● TASK DETAILS
Reproduce the listing exactly. Omit pictures.

___ PROVIDED DATA

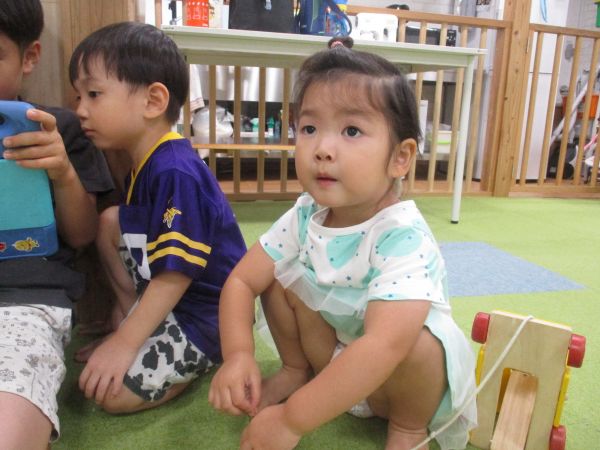 お部屋の中に入ってからすぐに水分補給をして楽しく活動しています🙌
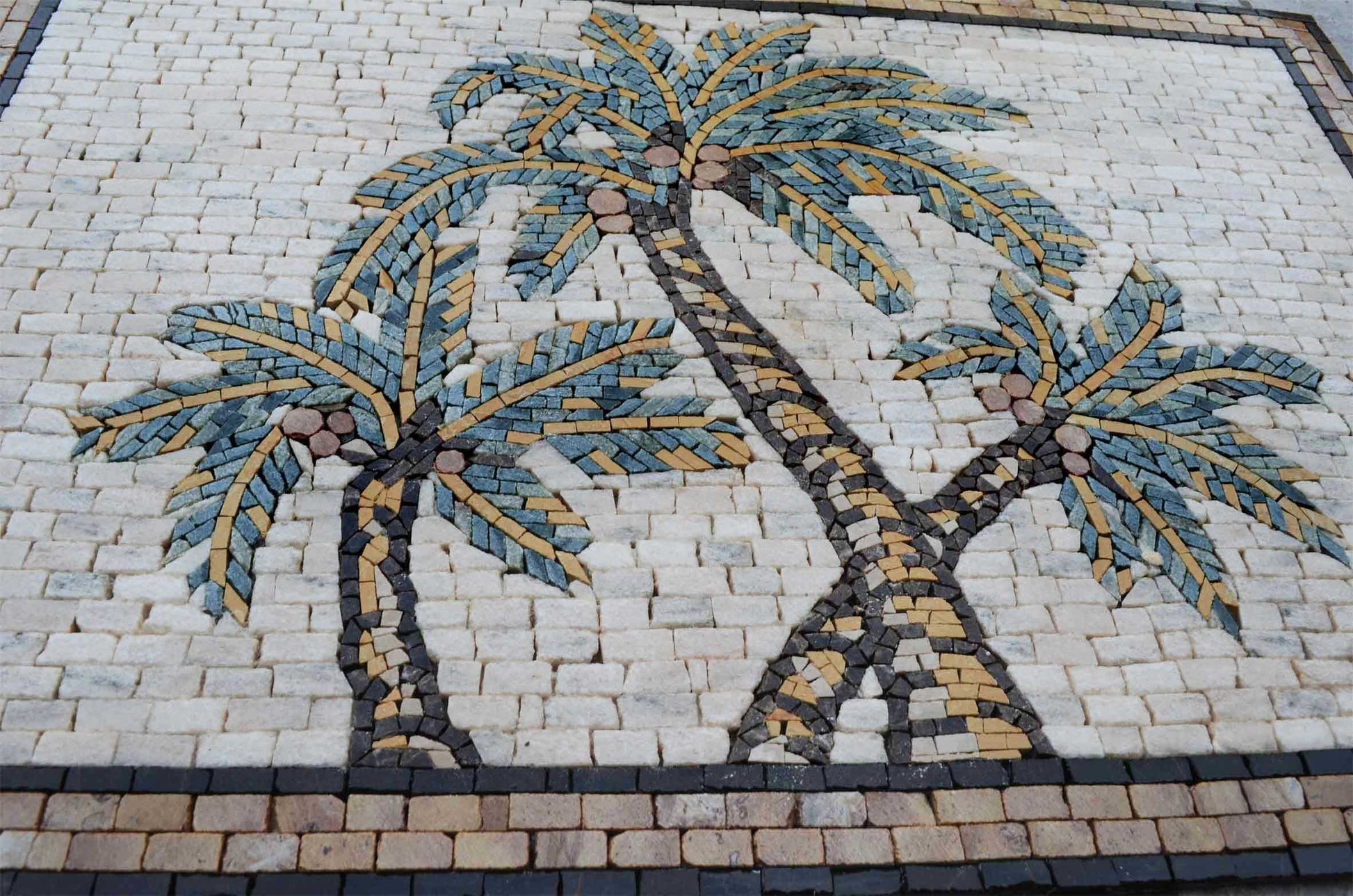 Elevate your decor style and immerse yourself in the tranquil vibes that palm trees represent. Ideal for tropical-themed designs or modern interiors, this mosaic offers timeless beauty and charm. Make "Mosaic Designs - The Palms" a part of your home or office, and let it inspire relaxation and creativity, invoking the splendor of nature all year round. Rediscover the joy of living surrounded by art, and let your walls tell a story of tranquility and style with this stunning mosaic masterpiece.
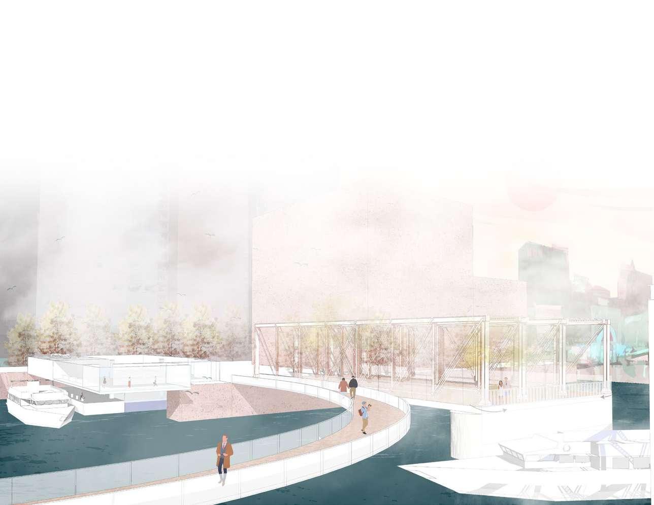 The Mirage on the Water is originally inspired by Boston’s unique climate condition, including an unassuming ferry terminal that looks like a semitransparent box. The terminal connects the harbor walk from both sides and Reactivating the old Northern Avenue Bridge. The Mirage on the water is also expressed as the visibility of transportation. It is learned from the Big Dig, which
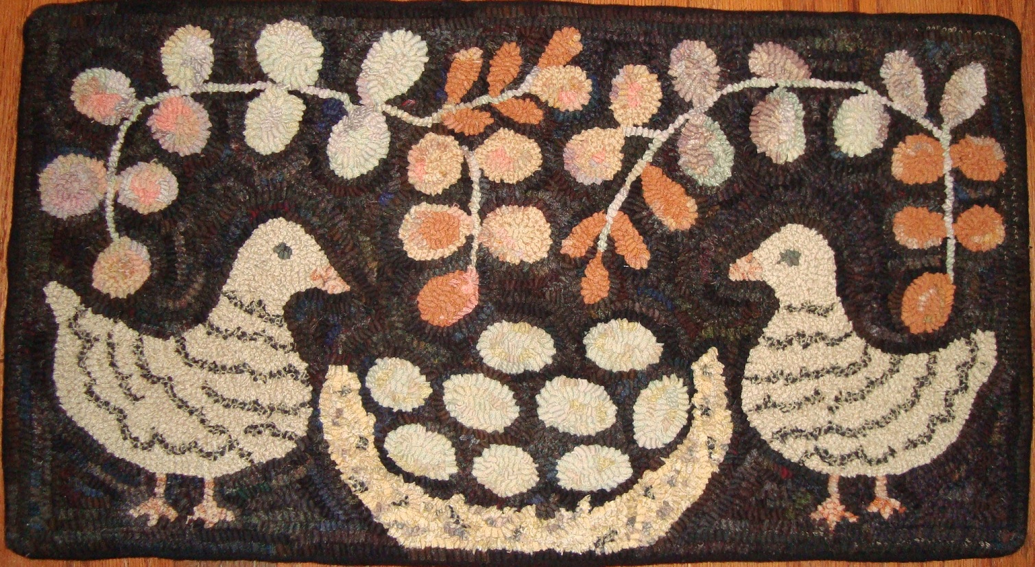 Magdalena Briner Eby was a prolific rug hooker from Pennsylvania who hooked rugs in the 1800's. She has become one of the most well-known primitive folk art rug hookers today. The dimensions of this rug is 17" by 22" is hooked on natural primitive linen using 100% woven wool strips in mostly #8.5, for center of flowers I may have used #8. Both over dyed and as is textured wool was used to make this wonderful folk art piece. $225 plus shipping

______

● RESPONSE TO THE EXERCISE
 お部屋の中に入ってからすぐに水分補給をして楽しく活動しています🙌
 Elevate your decor style and immerse yourself in the tranquil vibes that palm trees represent. Ideal for tropical-themed designs or modern interiors, this mosaic offers timeless beauty and charm. Make "Mosaic Designs - The Palms" a part of your home or office, and let it inspire relaxation and creativity, invoking the splendor of nature all year round. Rediscover the joy of living surrounded by art, and let your walls tell a story of tranquility and style with this stunning mosaic masterpiece.
 The Mirage on the Water is originally inspired by Boston’s unique climate condition, including an unassuming ferry terminal that looks like a semitransparent box. The terminal connects the harbor walk from both sides and Reactivating the old Northern Avenue Bridge. The Mirage on the water is also expressed as the visibility of transportation. It is learned from the Big Dig, which
 Magdalena Briner Eby was a prolific rug hooker from Pennsylvania who hooked rugs in the 1800's. She has become one of the most well-known primitive folk art rug hookers today. The dimensions of this rug is 17" by 22" is hooked on natural primitive linen using 100% woven wool strips in mostly #8.5, for center of flowers I may have used #8. Both over dyed and as is textured wool was used to make this wonderful folk art piece. $225 plus shipping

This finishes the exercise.